# What is being asked:
Your copy of the data below must be exact and must leave out all pictures.

# Records from a collection:
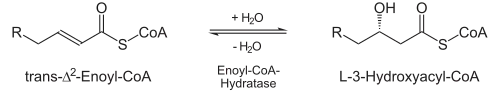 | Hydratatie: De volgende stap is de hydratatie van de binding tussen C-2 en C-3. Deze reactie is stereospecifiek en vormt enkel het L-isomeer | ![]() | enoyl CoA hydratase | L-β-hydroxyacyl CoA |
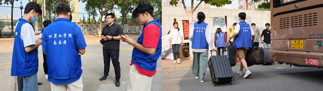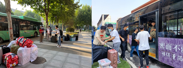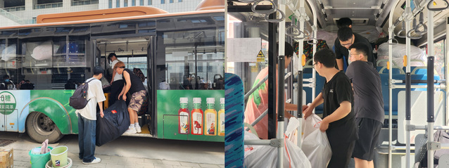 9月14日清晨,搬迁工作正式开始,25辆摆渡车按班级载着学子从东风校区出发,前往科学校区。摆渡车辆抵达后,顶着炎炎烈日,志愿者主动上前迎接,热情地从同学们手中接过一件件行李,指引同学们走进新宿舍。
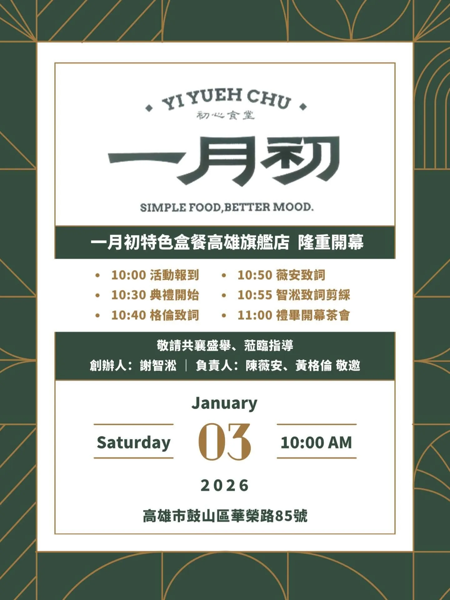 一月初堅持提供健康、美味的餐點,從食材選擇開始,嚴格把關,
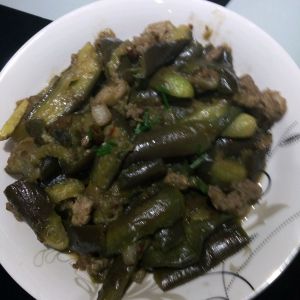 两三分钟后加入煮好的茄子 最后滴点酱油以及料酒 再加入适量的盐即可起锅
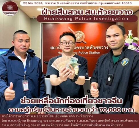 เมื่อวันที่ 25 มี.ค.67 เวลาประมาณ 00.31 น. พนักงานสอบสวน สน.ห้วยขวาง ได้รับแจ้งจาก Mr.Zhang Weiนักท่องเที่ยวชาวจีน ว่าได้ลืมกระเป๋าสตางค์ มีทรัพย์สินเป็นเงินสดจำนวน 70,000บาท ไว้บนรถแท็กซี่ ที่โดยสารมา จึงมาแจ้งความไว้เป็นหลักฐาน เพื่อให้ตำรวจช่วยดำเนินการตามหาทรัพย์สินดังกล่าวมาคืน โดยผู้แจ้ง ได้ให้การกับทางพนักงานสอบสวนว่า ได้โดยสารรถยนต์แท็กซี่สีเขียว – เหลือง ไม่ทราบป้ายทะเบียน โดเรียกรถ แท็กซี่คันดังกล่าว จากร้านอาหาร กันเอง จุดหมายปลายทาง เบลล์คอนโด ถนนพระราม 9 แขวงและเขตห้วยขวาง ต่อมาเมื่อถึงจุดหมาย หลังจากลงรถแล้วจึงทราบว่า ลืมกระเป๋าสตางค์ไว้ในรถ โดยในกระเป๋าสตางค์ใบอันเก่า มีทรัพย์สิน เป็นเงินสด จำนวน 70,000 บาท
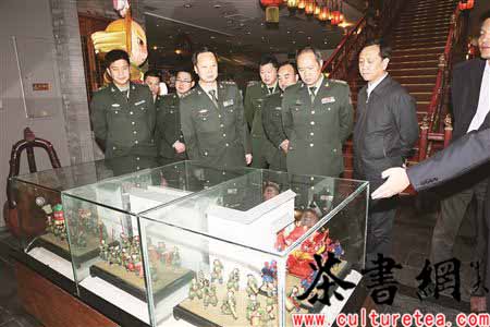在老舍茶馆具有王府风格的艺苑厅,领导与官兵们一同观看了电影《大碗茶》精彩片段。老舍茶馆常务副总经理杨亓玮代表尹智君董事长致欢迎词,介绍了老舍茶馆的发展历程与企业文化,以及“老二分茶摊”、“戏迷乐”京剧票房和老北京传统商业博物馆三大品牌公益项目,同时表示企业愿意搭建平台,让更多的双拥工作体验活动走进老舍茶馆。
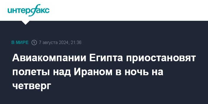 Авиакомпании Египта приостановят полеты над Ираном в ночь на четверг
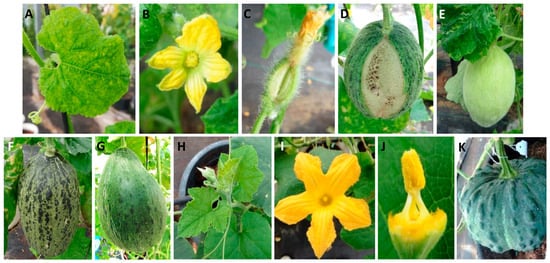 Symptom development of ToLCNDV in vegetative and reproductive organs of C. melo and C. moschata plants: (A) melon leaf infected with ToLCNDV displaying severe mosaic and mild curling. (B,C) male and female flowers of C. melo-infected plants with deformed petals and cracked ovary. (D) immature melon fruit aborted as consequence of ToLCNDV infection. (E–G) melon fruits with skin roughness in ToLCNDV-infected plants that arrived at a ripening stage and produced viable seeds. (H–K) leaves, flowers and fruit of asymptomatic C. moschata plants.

# Finished exercise:
 | Hydratatie: De volgende stap is de hydratatie van de binding tussen C-2 en C-3. Deze reactie is stereospecifiek en vormt enkel het L-isomeer | ![]() | enoyl CoA hydratase | L-β-hydroxyacyl CoA |
 9月14日清晨,搬迁工作正式开始,25辆摆渡车按班级载着学子从东风校区出发,前往科学校区。摆渡车辆抵达后,顶着炎炎烈日,志愿者主动上前迎接,热情地从同学们手中接过一件件行李,指引同学们走进新宿舍。
 一月初堅持提供健康、美味的餐點,從食材選擇開始,嚴格把關,
 两三分钟后加入煮好的茄子 最后滴点酱油以及料酒 再加入适量的盐即可起锅
 เมื่อวันที่ 25 มี.ค.67 เวลาประมาณ 00.31 น. พนักงานสอบสวน สน.ห้วยขวาง ได้รับแจ้งจาก Mr.Zhang Weiนักท่องเที่ยวชาวจีน ว่าได้ลืมกระเป๋าสตางค์ มีทรัพย์สินเป็นเงินสดจำนวน 70,000บาท ไว้บนรถแท็กซี่ ที่โดยสารมา จึงมาแจ้งความไว้เป็นหลักฐาน เพื่อให้ตำรวจช่วยดำเนินการตามหาทรัพย์สินดังกล่าวมาคืน โดยผู้แจ้ง ได้ให้การกับทางพนักงานสอบสวนว่า ได้โดยสารรถยนต์แท็กซี่สีเขียว – เหลือง ไม่ทราบป้ายทะเบียน โดเรียกรถ แท็กซี่คันดังกล่าว จากร้านอาหาร กันเอง จุดหมายปลายทาง เบลล์คอนโด ถนนพระราม 9 แขวงและเขตห้วยขวาง ต่อมาเมื่อถึงจุดหมาย หลังจากลงรถแล้วจึงทราบว่า ลืมกระเป๋าสตางค์ไว้ในรถ โดยในกระเป๋าสตางค์ใบอันเก่า มีทรัพย์สิน เป็นเงินสด จำนวน 70,000 บาท
在老舍茶馆具有王府风格的艺苑厅,领导与官兵们一同观看了电影《大碗茶》精彩片段。老舍茶馆常务副总经理杨亓玮代表尹智君董事长致欢迎词,介绍了老舍茶馆的发展历程与企业文化,以及“老二分茶摊”、“戏迷乐”京剧票房和老北京传统商业博物馆三大品牌公益项目,同时表示企业愿意搭建平台,让更多的双拥工作体验活动走进老舍茶馆。
 Авиакомпании Египта приостановят полеты над Ираном в ночь на четверг
 Symptom development of ToLCNDV in vegetative and reproductive organs of C. melo and C. moschata plants: (A) melon leaf infected with ToLCNDV displaying severe mosaic and mild curling. (B,C) male and female flowers of C. melo-infected plants with deformed petals and cracked ovary. (D) immature melon fruit aborted as consequence of ToLCNDV infection. (E–G) melon fruits with skin roughness in ToLCNDV-infected plants that arrived at a ripening stage and produced viable seeds. (H–K) leaves, flowers and fruit of asymptomatic C. moschata plants.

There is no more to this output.